All businesses - but particularly service oriented ones, and certainly cinemas - must be constantly attentive with regards to practices that are what I term - "mildly hostile" - towards their customers. These are the small annoyances that by themselves may not garner sufficient weight to motivate a customer to cease dealing with your business but tend, over time, to compel customers to look elsewhere to satisfy their needs.
WHY CUSTOMERS LEAVE
1% Die
3% Move
5% Buy From Friends
9% Prefer Competition
14% Judge All Like Businesses The Same
68% Indifference, Rudeness, Lack of Service By Employees
Examples of mildly hostile customer practices are fairly widespread particularly in the retail/consumer products and services areas and I'm sure each of you reading this are fully aware of what I mean and can recite horror stories from your own experiences in the retail jungle.

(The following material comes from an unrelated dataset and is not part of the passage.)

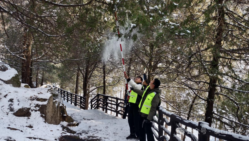 按照“早动员、早部署、早行动”的方案,管理区及时关注天气变化,第一时间启动应急预案,组织30余名工作人员,不畏严寒,一大早冒雪开展除雪行动。特别是针对柏洞、一亩松等古树名木集中区域,组织攻坚力量,使用除雪棍慢慢抖落树枝上的积雪,为树木减压。严防因积雪过厚压伤古树名木、导致断枝,全力确保辖区古树名木安全。

As cinema owners/operators, being aware of mildly hostile practices requires constant vigilance for, like wrinkles and graying, their precise beginnings are hard to determine until the day when their grim evidence is impossible to refute.
There are a myriad of mildy hostile customer practices, and include such things as:
- Employing under-qualified staff
- Poor & unfriendly service
- Thoughtless policies, such as inconvenient show times
- Slow response in resolving customer queries and problems
- Inconsistent service standards
- Messy, semi-clean facilities
- Untrained staff
Many of these practices are derived from weak, ineffective management which usually emanates from a tolerance for poor staff performance. Others may come from a company's fuzzy notion of customer satisfaction or from inconsistent service fortified by a lack of corporate support and funding for proper staff training.
Remember; it's not only blatant mismanagement and major mistakes that cause customer dissatisfaction and defection, but also those practices that are mildly hostile but which over time cause customer departure.
Before ending I would like to mention a trend that has developed over the last several years in corporate America and is worth mentioning. That is the creation and staffing by large organizations of a position called Chief Customer Experience Officer or CXO. A CXO is a senior level executive charged with evaluating, directing, and overseeing the customer experience effort and its implementation throughout the entire organization. The CXO position started to appear in 2005, and now, almost 25% of the largest 100 U.S. corporations have a CXO.
Reporting to the CEO, the CXO's responsibilities cut-across all product, service, and distribution channels and they have significant input into the corporation's marketing, promotion, and advertising activities. The CXO position will quickly become relevant for both large and mid-sized companies, in both the services or manufacturing sectors, and you'll be hearing more about this new and critical position as time goes on.